И взглянул отец Лев мудрейший на стенной портрет железного старика. И тотчас послал ласковые взоры свои грустные в глаза вдовы-матери.
И поняла. И почуяла стыд упрека, и почуяла радостную надежду. А к ночи успокоение затихла, когда, после беседы с Вячеславом, прошептала:
- Вот и слава Богу. Слава Богу. Без борьбы приняли. А я-то, неразумная, боялась. Недаром отец Лев восьмой десяток доживает.
А с Федором говорить боялась. Вячеслав бегал.
Была еще беседа втроем. Она, Семен и Рожнов в кабинете заперлись на час. О деньгах беседа. Успокоил Рожнов:
- Тянуть еще можно. И после совершеннолетия Федора Яковлевича. Так, малыми суммами снабжать будем. Отписаться сумеем. Но до крайности прижимать не резон: там близко Обжорин. Как бы не подманил на векселя. А этот почище Тараканихи. Он хоть сто тысяч Федору Яковлевичу даст. Только нам они в полмильончика обойдутся.

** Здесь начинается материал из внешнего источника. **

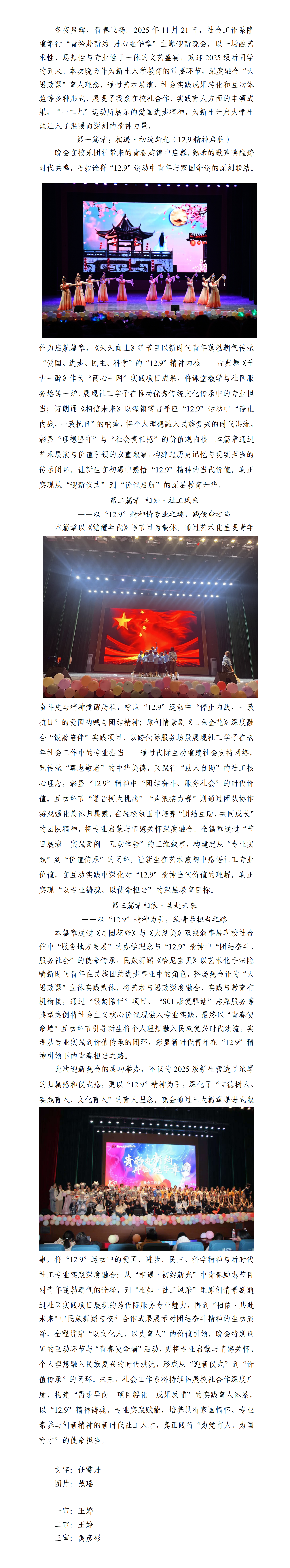 社会工作系“青衿赴新约·丹心继华章”迎新晚会——以“12.9”精神铸魂以实践育人赋能

Семен слушал, молчал, конфузился. Макар на совещание не пошел. Узнав в чем дело, Рожнову сказал:
- А ну их к черту! Сократите вы этих балбесов. Умеючи, их вот как скрутить можно. И не пикнут. Что тут долго разговаривать...
И поехал в невестин дом, наполнясь своими мыслями.
XVII
Был у Макара с матерью разговор. Старуха одна после обеда в спальной сидела, на иконы глядя, тоскливо о Корнуте мыслила. Вошел-вбежал Макар деловито.
- Я, мамаша, день свадьбы уж назначил. Тринадцатого венчаюсь. Так вот, сообщить пришел. Времени уж немного. Всего неделя. Вы уж, пожалуйста, что вас касается, оборудуйте, похлопочите.
Заморгала мать часто-часто. Напугал ее сын. И не сразу заговорила.
- Тринадцатого? Что ты? Что ты, Макарушка? Ведь, двенадцатого, в Преполовение, батюшка наш скончался. Двенадцатого только срок траура. А ты...
- Так ведь, я тринадцатого...
- Бога ты побойся, Макар. Шутишь, что ль!
- Толком вам, мамаша, говорю: не одиннадцатого и не двенадцатого, а тринадцатого венчаюсь.
- Да что это ты, Макарушка, сразу. Напугал-то меня как. Почитай, два месяца о свадьбе не заговаривал. Я уж думала, дурь-то вышла. А тут - тринадцатого.
- Я бы просил, мамаша, о невесте моей такие слова не говорить. А
то привыкнуть можете и через неделю опять такое скажете. Тогда оно совсем нехорошо будет. О моей супруге, своей невестке, скажете. Так-то.